In the internal test set, the R2 for prediction was 0.512, which was relatively high compared with a previous study of the HARBOR trial (R2, 0.21). [16] However, the generalisability of an AI algorithm to predict visual acuity has never been explored. Therefore, we validated our model with OCT images from another institution. The results were disappointing. For example, R2 was 0.19, which was almost the same as that obtained from our pseudophakia data. Although actual BCVA may be associated with R2, one of our present results—the mean actual BCVA of the validation study data was 0.326 ± 0.33—was similar to that of our previous data. There are several possible reasons for this. First, this result might be due to overtraining; however, we selected a hyperparameter with no overfitting. Second, the OCT images used for the external test set were obtained with an OCT machine that was different from that used for training and validation (DRI OCT Triton Plus, Topcon). Although the optics of that system are the same as that of the machine used for development (Atlantis, Topcon), as well as being from the same company, the acquisition protocols and image size are different, which might have caused the relatively poor R2. As for the R2 values for each disease group, the trend was similar in the validation study; that is, the R2 of AMD and RVO were higher than that of DR. This is possibly because eyes with chronic diseases might have acquired paracentral fixation, unlike eyes with acute disease. Therefore, the BCVA measurements will be more dependent on the examiners’ skills and patients’ cooperation in acute diseases and thus highly variable, even for patients with similar fundus findings. Even for the same patient, the repeatability of BCVA measurement is not high, especially for patients with acute severe vision loss. As mentioned earlier, R2 was significantly higher with better BCVA. Additionally, our R2 values were better in chronic diseases than in acute diseases (R2 values from RVO [0.96], AMD [0.37], and mCNV [0.36] were better than those from MH/ERM [0.09], DR [− 0.12], and CSC [− 0.22]), further supporting this idea.

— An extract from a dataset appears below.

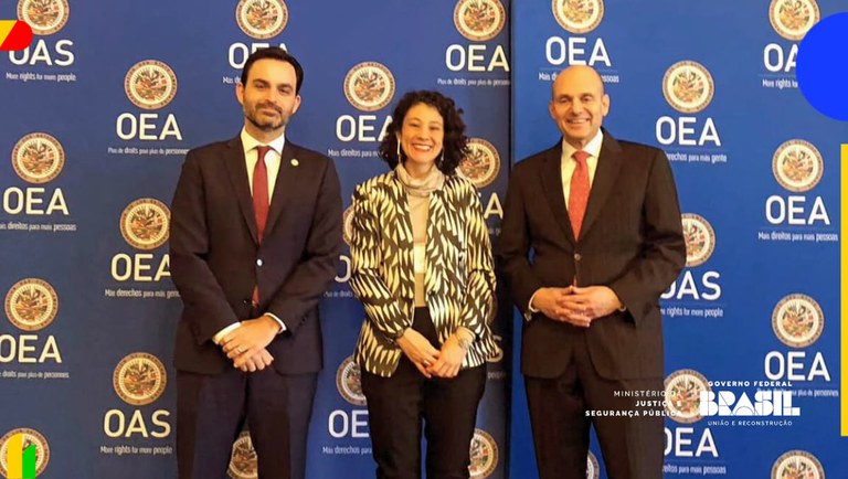 A titular da Senad/MJSP também se reuniu com o secretário de Segurança Multidimensional da OEA, Ivan Marques. O brasileiro atualmente coordena a área responsável por promover a cooperação entre os estados-membros da Organização, o Sistema Interamericano e outros organismos do Sistema Internacional para avaliar, prevenir, enfrentar e responder eficazmente às ameaças à segurança da região.

The present study has three main strengths. The first is the high versatility of our BCVA prediction model, which was trained with OCT images of various retinal diseases. The AI predicted BCVA from OCT images even in the presence of various other retinal diseases. Second, we developed the model based on horizontal and vertical OCT images from each patient. Such images are usually taken in the clinical setting, and horizontal and vertical surrounding macular images of the eye provide more information for AI model training. Some recent studies have trained AI models for estimation of BCVA by using colour fundus photograph (CFP) [26, 27]. Since CFP has a wider field of view compared to macular OCT scans, it may provide more information, such as diseases of the optic disc; however, on the contrary, it is intuitively obvious that OCT contains more information about the retina. Finally, a novel aspect of this study is that a linear function was estimated, which might replace image analysis, which contrast to the recent studies which estimated visual acuity as a level classification [26, 27]. Although the validity is thus far poor, it should be improved with further work.

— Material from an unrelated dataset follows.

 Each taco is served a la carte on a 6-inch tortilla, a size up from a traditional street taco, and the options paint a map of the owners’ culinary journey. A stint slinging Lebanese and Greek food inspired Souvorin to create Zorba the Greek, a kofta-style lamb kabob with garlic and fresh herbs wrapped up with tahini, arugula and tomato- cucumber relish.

There are also some limitations. One limitation is common to this type of prospective analysis of institutional data. All of the study participants were Japanese. The number of participants was relatively small, particularly in some groups. It would be interesting to see how much the results improve with vertical scans; however, this is beyond the scope of the present study.

In conclusion, this study confirmed that AI (neural network) could estimate BCVA only with OCT images. Further studies are nonetheless warranted to evaluate the broader applicability of this approach.